### [Goal of the exercise]
Repeat all of the data below word for word, keeping no images.

### [Data shown]
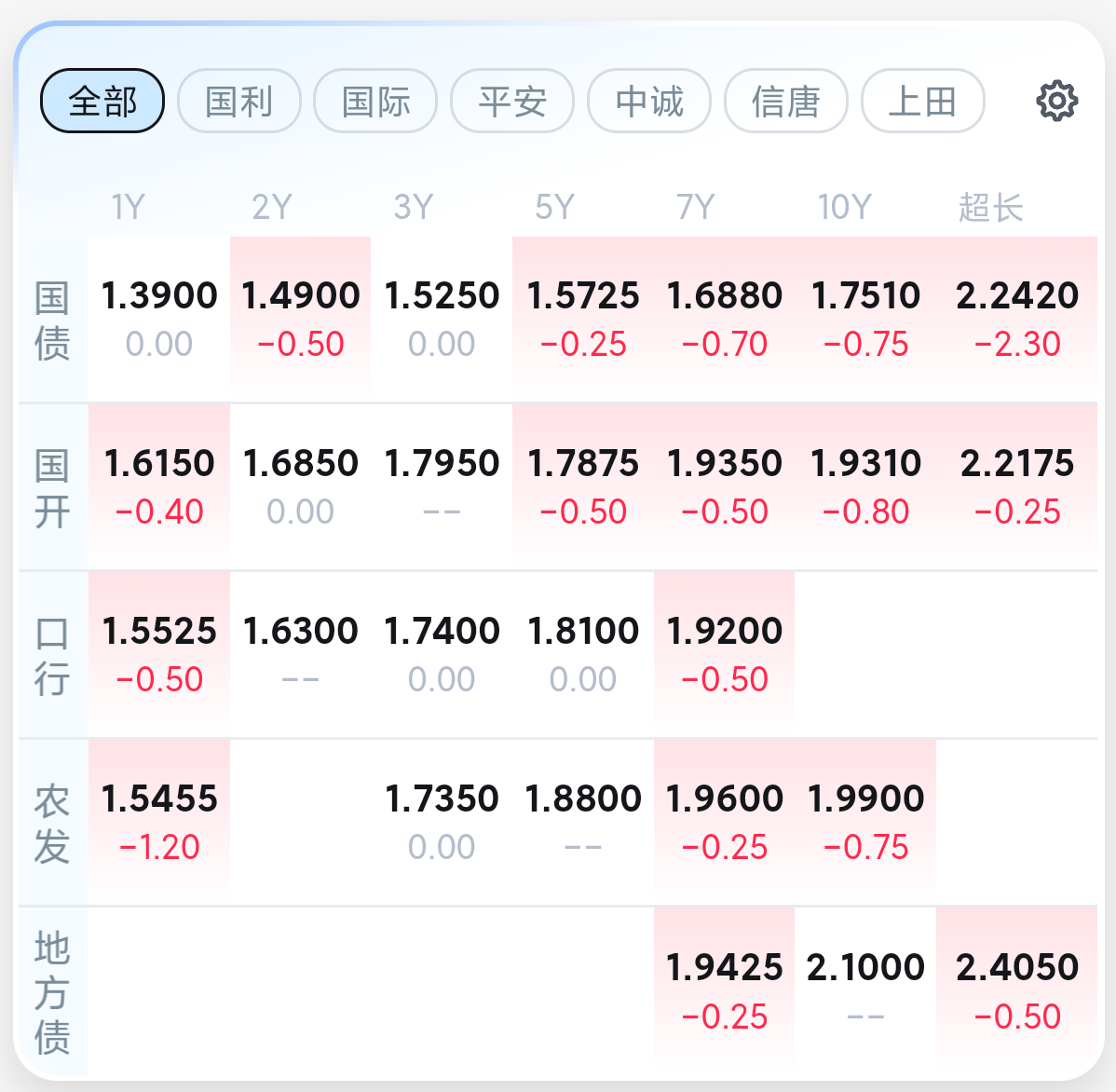 今日央妈大额净回笼,但资金面维持宽松;隔壁权益市场三大指数集体低开后上行叠加小作文所说基金免赎回费周期从6个月降至1个月,债市小幅修复,银行间主要利率债收益率开盘多数下行,信用债也维持晴天。
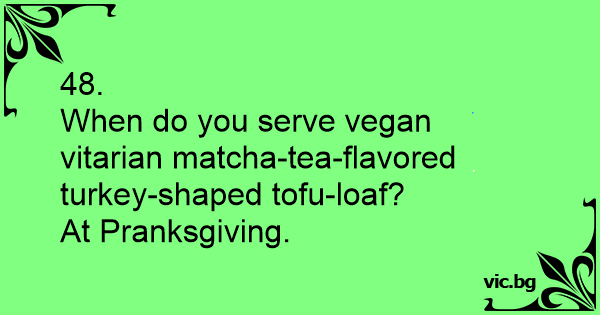 When do you serve vegan vitarian matcha-tea-flavored turkey-shaped tofu-loaf?
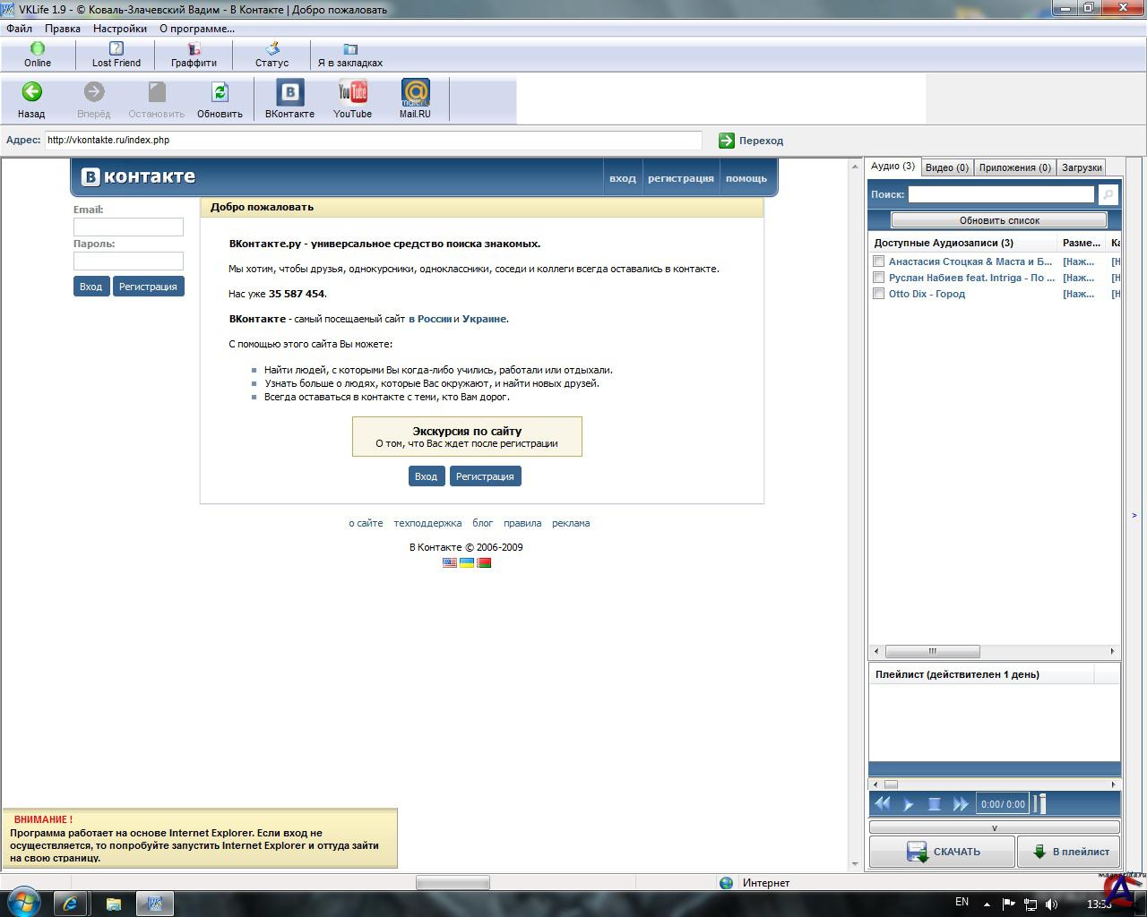 VKLife версия 1.9 - универсальная программа для скачивания музыки, видео и приложений с сайта ВКонтакте.РУ, YouTube.com, Mail.RU и Мой Мир@mail.ru Что нового в последней версии VKLife? После изменений на сайте ВКонтакте.РУ переписаны функции, против которых была включена защита путём автоматической сменой пароля; Особенности VKLife: - скачивание аудио, видео и приложений с сайта Вконтакте.РУ и YouTube.com, Mail.RU и Мой Мир@mail.ru; - вставка изображений на стену пользователя или группы. В отличие от других программ и онлайн сервисов не требуется вводить личные данные и пароль; - возможность писать многострочный статус; - встроенный аудиоплеер - удобно слушать музыку, путешествуя по просторам Контакта; - если Вас кто-то удалил из друзей программа сверит списки и скажет кто это был; - уведомление о новых сообщениях ВКонтакте.Ру - Вам не придётся каждый раз обновлять страницу для проверки наличия новых сообщений; - поддержка Прокси-сервера; Программа легка в использовании и абсолютно БЕСПЛАТНА!
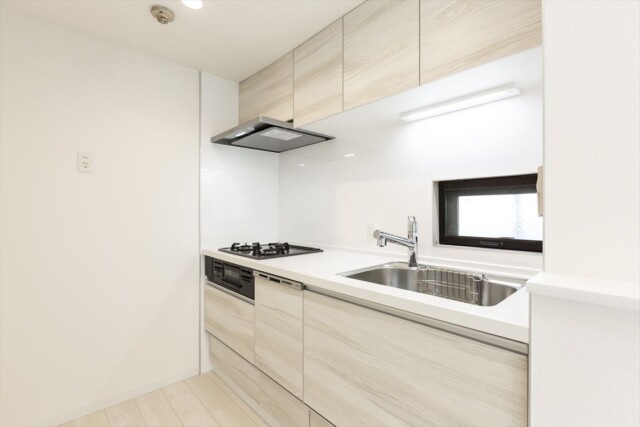 清潔感たっぷりのシステムキッチンです。食洗器付です。家事の時間も減り家族との時間が増えますね!見た目もスッキリ、急なお客様がきてもササッと中へいれてピッと押せば洗物完了ですね。シンクもも広々快適にお料理が進みそう♪
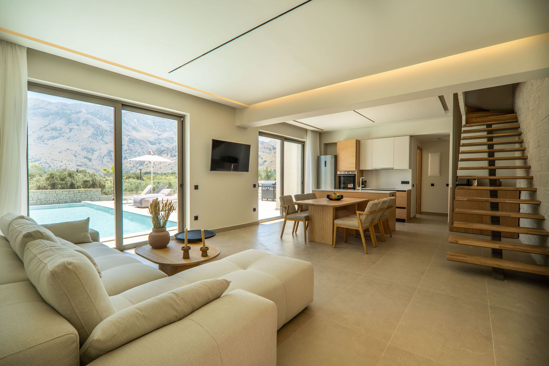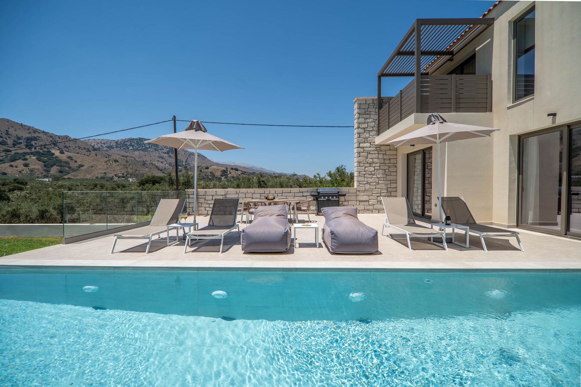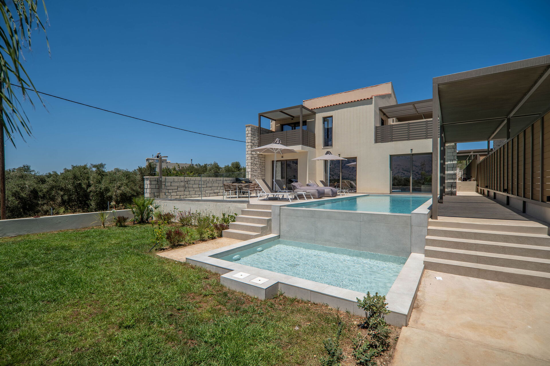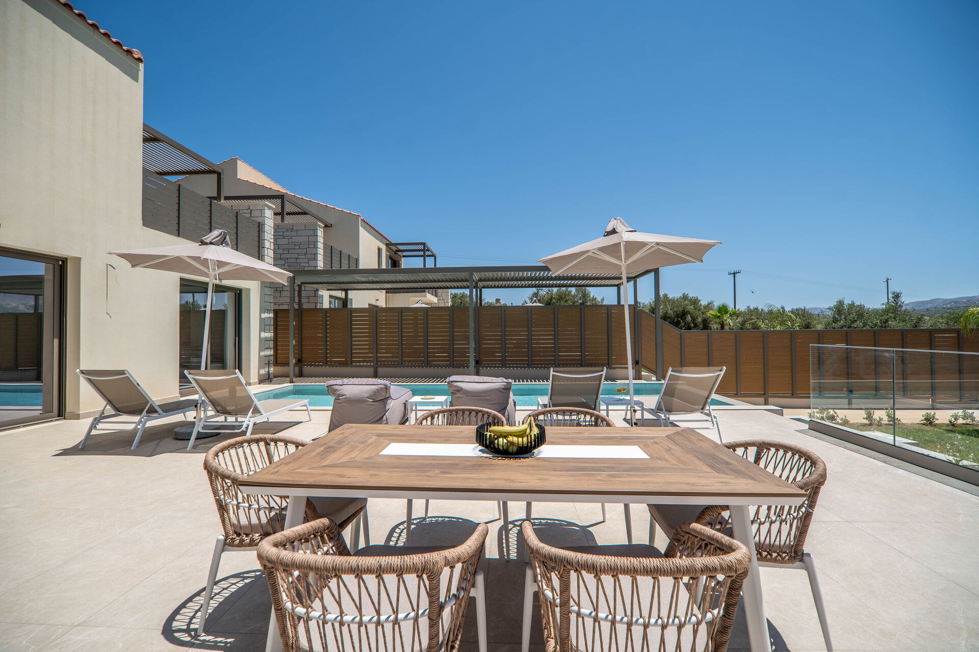Varje semesterhus har 3 sovrum, 3 badrum, ett rymligt vardagsrum med kök, luftkonditionering i alla rum och ett fantastiskt uteområde med en privat pool som endast är tillgänglig för gästerna.

### [Reply to the task]
 今日央妈大额净回笼,但资金面维持宽松;隔壁权益市场三大指数集体低开后上行叠加小作文所说基金免赎回费周期从6个月降至1个月,债市小幅修复,银行间主要利率债收益率开盘多数下行,信用债也维持晴天。
 When do you serve vegan vitarian matcha-tea-flavored turkey-shaped tofu-loaf?
 VKLife версия 1.9 - универсальная программа для скачивания музыки, видео и приложений с сайта ВКонтакте.РУ, YouTube.com, Mail.RU и Мой Мир@mail.ru Что нового в последней версии VKLife? После изменений на сайте ВКонтакте.РУ переписаны функции, против которых была включена защита путём автоматической сменой пароля; Особенности VKLife: - скачивание аудио, видео и приложений с сайта Вконтакте.РУ и YouTube.com, Mail.RU и Мой Мир@mail.ru; - вставка изображений на стену пользователя или группы. В отличие от других программ и онлайн сервисов не требуется вводить личные данные и пароль; - возможность писать многострочный статус; - встроенный аудиоплеер - удобно слушать музыку, путешествуя по просторам Контакта; - если Вас кто-то удалил из друзей программа сверит списки и скажет кто это был; - уведомление о новых сообщениях ВКонтакте.Ру - Вам не придётся каждый раз обновлять страницу для проверки наличия новых сообщений; - поддержка Прокси-сервера; Программа легка в использовании и абсолютно БЕСПЛАТНА!
 清潔感たっぷりのシステムキッチンです。食洗器付です。家事の時間も減り家族との時間が増えますね!見た目もスッキリ、急なお客様がきてもササッと中へいれてピッと押せば洗物完了ですね。シンクもも広々快適にお料理が進みそう♪
Varje semesterhus har 3 sovrum, 3 badrum, ett rymligt vardagsrum med kök, luftkonditionering i alla rum och ett fantastiskt uteområde med en privat pool som endast är tillgänglig för gästerna.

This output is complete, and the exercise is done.